Candidates for the Afghan election
In the southern Afghani city of Kandahar, a woman displays her voter registration card as she waits to cast her ballot at a polling station for women, and a long line of voters stretches around the corner from a polling station for men.
(AP/WWP/ Elizabeth Dalziel)

For some in Afghanistan, the road to democracy began in the cold and dark, as early as 3 a.m., on October 9, 2004, as they awoke and prepared to travel for hours to polling stations. In doing so, they made history: defying threats from the Taliban and casting their votes in the country's first-ever democratic presidential election.

For the people of Afghanistan, the election was a dramatic milestone on the long, often hard road to freedom and democratic government. But they are not traveling this road alone. Over recent decades, peoples throughout the world have increasingly traveled the road to democracy.

As President Bush said in an address to the National Endowment for Democracy in November 2003, "We've witnessed, in little over a generation, the swiftest advance of freedom in the 2,500-year story of democracy."

Democracy's advance has been neither certain nor foreordained, but it does reflect the power and universality of its fundamental precepts. Individual freedom, rule of law, human rights, representative government, legitimate elections, civil society: these principles have been embodied in the great democratic movement that historians may well mark as the most significant phenomenon of the past generation — and as Afghanistan demonstrates, for the next generation as well.

The global progress of democracy refutes the skeptics who claimed that democracy was a uniquely Western phenomenon, ill-suited to other regions. Through the dedication, vision, and sacrifice of millions, democracy has taken root in recent years in Eastern and Northern Europe, in Asia, and in the Americas — now largely a hemisphere of democracies.
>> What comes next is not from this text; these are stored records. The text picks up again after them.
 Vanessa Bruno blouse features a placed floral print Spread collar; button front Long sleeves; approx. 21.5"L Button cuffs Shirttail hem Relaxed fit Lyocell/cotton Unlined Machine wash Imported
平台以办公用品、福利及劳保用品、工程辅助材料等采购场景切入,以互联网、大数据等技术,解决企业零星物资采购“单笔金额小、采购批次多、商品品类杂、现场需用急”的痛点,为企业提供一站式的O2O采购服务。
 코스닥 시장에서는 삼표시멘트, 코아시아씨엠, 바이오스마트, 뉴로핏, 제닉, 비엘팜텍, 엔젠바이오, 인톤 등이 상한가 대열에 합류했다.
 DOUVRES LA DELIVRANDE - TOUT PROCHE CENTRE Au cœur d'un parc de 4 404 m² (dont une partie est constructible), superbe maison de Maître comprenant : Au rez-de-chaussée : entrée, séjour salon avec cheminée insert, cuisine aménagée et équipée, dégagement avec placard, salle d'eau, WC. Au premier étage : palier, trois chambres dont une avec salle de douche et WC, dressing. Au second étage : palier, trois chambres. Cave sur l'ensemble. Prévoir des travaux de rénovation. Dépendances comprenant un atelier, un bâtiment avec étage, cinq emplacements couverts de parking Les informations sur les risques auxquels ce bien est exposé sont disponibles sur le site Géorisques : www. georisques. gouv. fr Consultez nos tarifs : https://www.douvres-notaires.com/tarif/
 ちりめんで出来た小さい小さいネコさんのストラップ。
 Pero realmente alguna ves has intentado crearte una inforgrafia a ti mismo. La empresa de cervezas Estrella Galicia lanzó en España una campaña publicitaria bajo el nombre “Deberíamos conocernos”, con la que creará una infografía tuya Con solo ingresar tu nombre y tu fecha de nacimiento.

Although the principles of democracy are universal, its practice is as varied as the cultures in which it thrives. Democracies function as constitutional monarchies and federal republics. They have flourished in times of peace and prosperity — and survived in times of war, poverty, and internal division. Once dismissed by some as a luxury that only affluent societies could afford, freedom and democracy are now recognized as critical to sustained economic development and prosperity.
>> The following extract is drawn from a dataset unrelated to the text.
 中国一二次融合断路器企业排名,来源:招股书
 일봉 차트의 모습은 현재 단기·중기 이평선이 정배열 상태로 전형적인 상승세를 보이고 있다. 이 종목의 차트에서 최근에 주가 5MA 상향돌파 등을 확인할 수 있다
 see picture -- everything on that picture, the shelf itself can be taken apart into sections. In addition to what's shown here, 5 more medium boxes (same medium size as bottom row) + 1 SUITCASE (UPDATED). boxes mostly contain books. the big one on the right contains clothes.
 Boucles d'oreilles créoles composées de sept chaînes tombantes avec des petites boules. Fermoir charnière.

Secretary of State Colin Powell cites the experience of one region in a March 2004 address:

Asians have proven that modernization isn't the same thing as Westernization.... We Americans came to such ideals through our European heritage, but Asians came to the same ideals through their own heritages in the their own ways.... And today the ideas of democracy, of market economics, of human freedom, of the dignity of men and women, all within the rule of law — these are very powerful, beyond any physical scale; so powerful that they are setting roots in Asian countries with past political forms as diverse as South Korea's military government and Mongolia's communist rule.